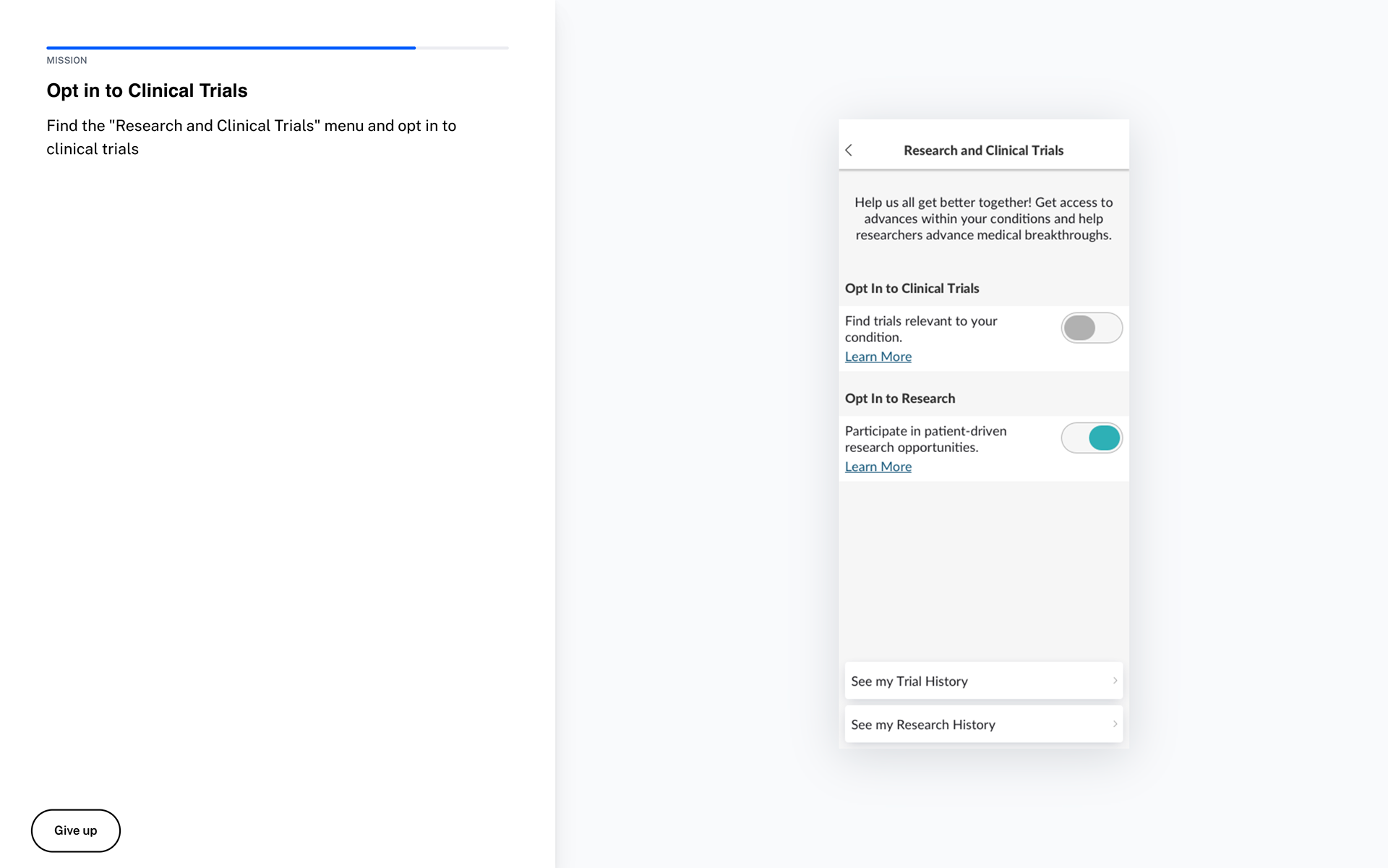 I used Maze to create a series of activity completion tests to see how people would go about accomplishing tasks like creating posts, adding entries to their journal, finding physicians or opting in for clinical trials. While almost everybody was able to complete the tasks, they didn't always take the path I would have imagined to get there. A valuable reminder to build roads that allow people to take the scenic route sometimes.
==
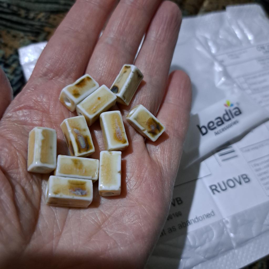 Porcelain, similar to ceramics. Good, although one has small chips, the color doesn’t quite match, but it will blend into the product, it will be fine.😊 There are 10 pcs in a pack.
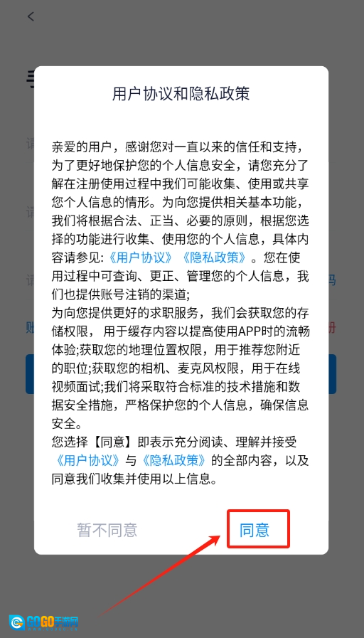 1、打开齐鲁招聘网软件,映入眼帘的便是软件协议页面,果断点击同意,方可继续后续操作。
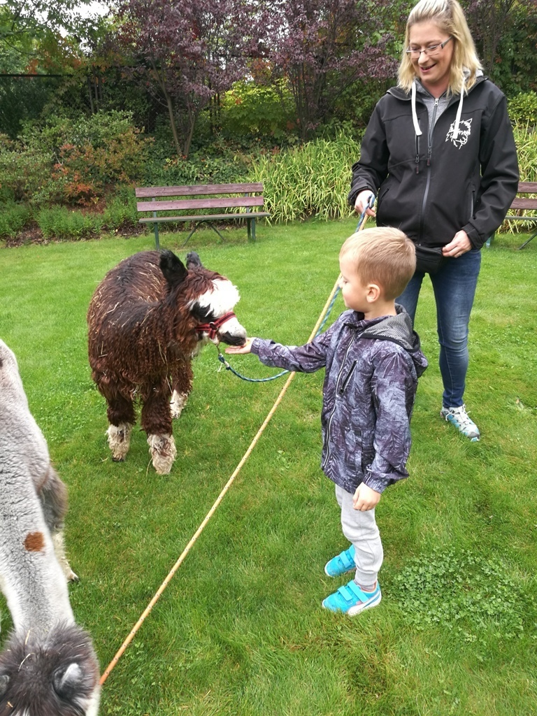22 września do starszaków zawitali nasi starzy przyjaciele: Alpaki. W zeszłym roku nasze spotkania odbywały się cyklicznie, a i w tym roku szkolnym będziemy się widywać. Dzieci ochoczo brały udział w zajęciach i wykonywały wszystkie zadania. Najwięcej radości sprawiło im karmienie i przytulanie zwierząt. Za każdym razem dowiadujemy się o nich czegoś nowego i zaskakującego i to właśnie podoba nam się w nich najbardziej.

EXERCISE REQUIREMENTS
Using the entries above, reproduce word for word only the lines from the one that contains "Porcelain, similar to" to the one that contains "22 września do", both ends included, and drop every picture.

RESULT BELOW
 Porcelain, similar to ceramics. Good, although one has small chips, the color doesn’t quite match, but it will blend into the product, it will be fine.😊 There are 10 pcs in a pack.
 1、打开齐鲁招聘网软件,映入眼帘的便是软件协议页面,果断点击同意,方可继续后续操作。
22 września do starszaków zawitali nasi starzy przyjaciele: Alpaki. W zeszłym roku nasze spotkania odbywały się cyklicznie, a i w tym roku szkolnym będziemy się widywać. Dzieci ochoczo brały udział w zajęciach i wykonywały wszystkie zadania. Najwięcej radości sprawiło im karmienie i przytulanie zwierząt. Za każdym razem dowiadujemy się o nich czegoś nowego i zaskakującego i to właśnie podoba nam się w nich najbardziej.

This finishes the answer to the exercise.